Wanting to shed off unwanted pounds or keep your ideal weight intact? Then consider serving trout more often in front of you every week. Trout is actually low in calories, fat and cholesterol, making it an ideal replacement for various meat products that contain loads of the said nutrients. In addition, protein in trout helps make you feel full right away and for a longer period of time, plus it also helps in speeding up the metabolic rate.

 

It Lowers Blood Pressure

People who are suffering from hypertension or high blood pressure can benefit tremendously from adding at least a couple of servings of trout in their diet on a weekly basis.
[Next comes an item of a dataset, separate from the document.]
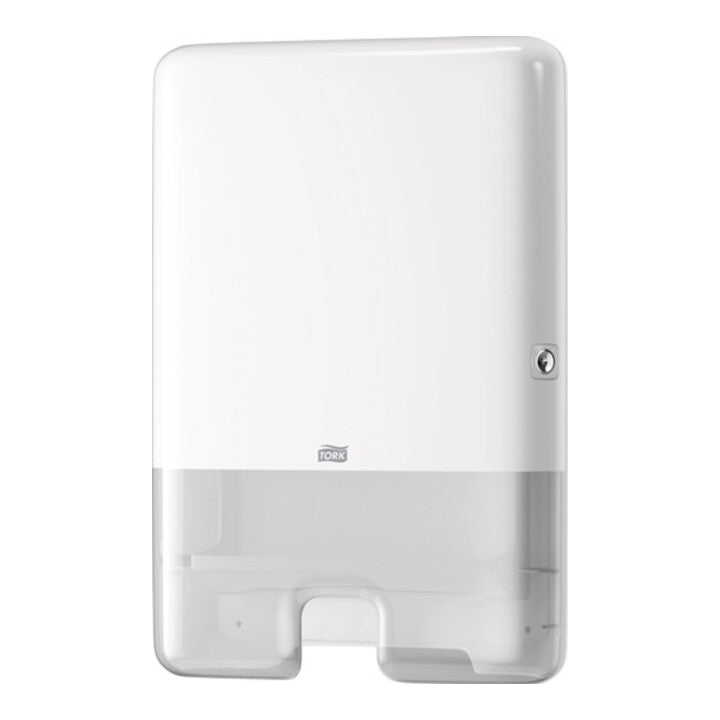 für Multifold Handtücher · schlagfestes Kunststoffgehäuse · abschließbar · schnelle hygienische Einzelblattentnahme (Multifold) · sparsamer Verbrauch · halbtransparentes Sichtfenster · weiß

It’s for the fact that the said fish is packed with omega-3 fatty acids. Numerous studies have proven time and again that omega-3 fatty acids, which are actually healthy fats, can help in keeping the blood pressure from going beyond the healthy and normal range.

 

It Also Lowers Heart Disease Risk

Naturally, keeping high blood pressure in check can help in considerably lowering your risk of suffering from heart disease, heart attack and stroke, medical professionals say. Without high blood pressure, the heart and blood vessels need not be overworked. The chances of blood clot formation that can cut off oxygen supply to the muscles of the heart (resulting in a heart attack) and certain parts of the brain (resulting in a stroke) may be reduced, too.

 

It is Very Low in Mercury

Unlike tuna, trout contains very small amounts of mercury only. Experts recommend for you to keep your weekly intake of tuna to a minimum. No, it’s not because tuna is low in the nutrition department, but it contains high levels of mercury. Pregnant women most especially should keep their mercury consumption to a minimum in order to keep the growing and developing babies inside their wombs out of harm’s way.